Despite 54% of CMO’s citing marketing data and analytics’ inability to meet expectations of influence within an organization, it still continues to be a focus area as 44% of analytics teams expect to grow in the next two years in support of more advanced analytics capabilities, and achieve greater impact on business outcomes. One contributing factor for analytics’ lack of outward influence is the inability to turn data into insight and useful recommendations. This calls for a wider perspective which necessitates robust contextualization of marketing data within analytics teams, ultimately spotlighting the need for a Data Interpreter role.

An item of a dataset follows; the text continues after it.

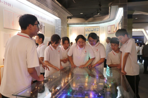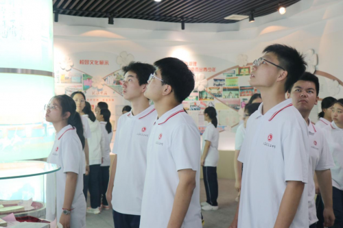 在校史馆内,同学们认真观看了图片、文字、实物等珍贵资料,详细了解了学校的发展历程和办学成就。 在院士校友展区,陈鉴远、邵峰、王怀民三位院士的求学经历和科研成就引起了同学们的浓厚兴趣。高一2部7班刘朗凝视着校友荣誉墙,难掩激动:“前辈们以星火之光照亮国家前路,我也要把‘以富强祖国为己任,为中华崛起而读书’的校训写进青春,用勤奋与卓越续写新的篇章。”校团委书记苏晶晶寄语:“愿同学们在校史的浩瀚星河中锚定家国坐标,于精神火炬的接力中汲取不竭动力,让个人梦想与民族复兴同频共振。”

The Data Interpreter possesses a multi-dimensional skill set that gives weightage to both core technical skills like data modeling and domain knowledge along with other areas of expertise to help contextualize marketing data within analytics organizations, as observed in Gartner’s report on the topic. These skills are crucial to the success of marketing organizations as analytics teams shift from focusing on product and channel insights to an emphasis on customer journey mapping in order to achieve a comprehensive customer view. As customer journey mapping is a more progressive endeavor that consists of more touchpoints and a high degree of interrelation between these touchpoints, it is strongly recommended that marketing analytics teams make room for a role focused explicitly on interpretation and visualization. That said, the Data Interpreter’s hybrid skill set also supplies an enhanced degree of modularity to the analytics team, allowing it to be dynamically staffed to suit project needs.
The Data Interpreter role has become a priority for marketing analytics teams in 2019, as compared to other technical roles in sectors Data Science and Data Engineering. This indicates that many organisations have sufficient data sources and volumes to meet their analytics goals. With the help of a Data Interpreter, actionable recommendations and insights derived from this data can help CMO’s realize the influence of analytics more clearly when making business decisions while also meeting the expectations of the evolved consumer in a more multi-dimensional way.